Orangutan School | 360°

Orangutans (Pongo) are a genus of hominid primates comprising three species of great apes originating in Indonesia and Malaysia. A third species was added to the Borneo orangutan (Pongo pygmaeus) and to the Sumatra (Pongo abelii), when the Tapanuli orangutan (Pongo tapanuliensis) was identified and described. They are distinguished from African apes by reddish fur and a constitution more adapted to tree life. In addition, they have the loneliest lifestyle of all anthropomorphic monkeys; There are only lasting social ties between mother and child. They are not left behind, however, in terms of intelligence. In their natural environment, they manufacture and use sophisticated tools and show great skill building nests in trees. Populations have declined dramatically in recent decades; Currently there are only about 70,000 individuals (2017 data) in the jungles of Borneo and Sumatra. All species of this genus are on the verge of extinction according to IUCN data.
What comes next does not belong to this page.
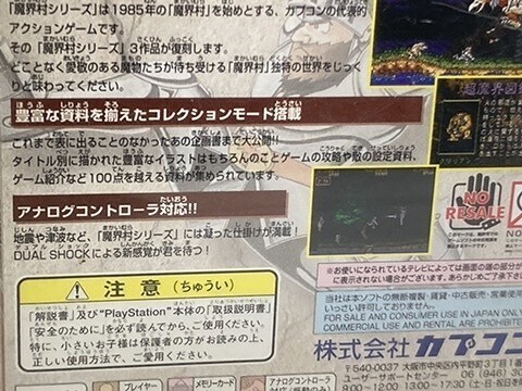 | 商品説明 | プレイステーション用ソフトで、カプコンの名作 魔界村シリーズが3点入ったカプコンジェネレーション2 第2集 魔界と騎士 です。 写真にて状態をよくご確認いただき、現状品渡しにご理解の上入札をお願いいたします。 ■ 注意事項 落札前に必ずこちらをご確認ください。 当店の商品を落札された場合、こちらの「注意事項」に同意いただいた事とさせていただきます。 オークション終了後の返信は原則3日以内、入金は5日以内にお願い致します。もし全くご連絡がなく、この期間を守っていただけない場合は、「落札者様都合で削除」とさせていただきますのでご注意ください。 ■お客様都合による、商品の返品および交換は承っておりません。 ■中古商品は一点ものです。交換・サイズ変更などはできません。 ■開封済みのものは、汚れやシミがあるモノがございます。写真をご覧の上、ご判断下さい。 ■お客様のお使いになられているモニターや端末等によって、色が異なって表示される場合がございます。 ■素人による検品となり、細かい点での見落とし、製品について勘違いなどがある場合がございます。基本的に写真の状態での現状品でのお渡しになりますので気になる点がある方は、必ずご質問下さい。 付属品の状態、写真に写っていない部分や・説明文に記載されていない付属品や傷・汚れ等の有無につきましては、免責事項とさせていただきますので、ご了承ください。 ■掲載写真や説明と、説明欄の写真や説明が違う場合があります。こちらが記載ミスをしてしまう可能性もありますので、タイトルと写真・説明におかしい点があれば質問などで確認をいただけると助かります。 ■状態を極度に気になさる方、神経質な方はご入札をお控え下さい。 ■ご質問などございましたら、答えられる範囲内でお答えいたしますが、専門的で分からない質問にはお答え出来かねる場合がございます。 ■当商品は買取による中古品となります。 ■ブランド品の真贋に関しては、お客様の判断による返品は、お受け致しかねます。正規店にてご確認いただき、取り扱い不可の際は全額返金致しますので、確認をいただいた店舗名など詳細をお知らせください。 ■商品タイトル・説明欄に『ジャンク/現状品』記載のある商品は基本的に動作の確認をしておらず、故障や不備等によるご返品をお受け出来ません。 動作の確認をしているものも、数秒~1分程度の確認となりますので、長時間の使用による不備等がある可能性があります。現状品と記載がある商品は動作の確認事項も再現性がない可能性があることをご理解の程よろしくお願いいたします。 ■ご返金は、商品をご返送いただいた後、状況の確認等が終わり次第、ご指定の銀行口座へのお振込となります。※不備の確認が出来ない場合は、送料お客様ご負担にて再度発送致します。 ■発送に関して、基本的に入金後1~2日程度で発送予定ですが、お休みをいただく場合があります。お急ぎの方は出品リストページの上部にある自己紹介に休みの期間を記載していますので、念のためそちらをご確認ください。 ■誠に残念ではありますが、新規および評価の悪い方の入札はトラブルが多いため、当方の判断にて削除させて頂く場合がございます。但し、これらの方の中で、購入の意思が強い方は、その理由とともに質問欄よりお伝えくだされば、入札をお受けする場合もあります。 トラブル回避の方策故、以上ご理解ください。 |

The name derives from the Malay (or Indonesian) words “orang”, which means person, and “hutan”, jungle or forest, that is, it is a “man of the jungle.” The first reference to the use of this word is from 1631, date of publication of the book Historiae naturalis et medicae Indiae orientalis, by the Dutch physician Jacobus Bontius. He reported that, according to the Malays, the ape knew how to speak but preferred not to prove it, unless it was put to work.4 Linnaeus later gave him the name Simia satyrus.5

As for the name of the genus, Pongo, its origin is due to an error. It comes from the narration of a 16th-century English sailor whom the Portuguese were imprisoned in Angola and who describes two anthropoid monsters called Pongo and Engeco. It would probably be gorillas. The word “Pongo” is from the Kongo language, one of the Bantus languages of the region.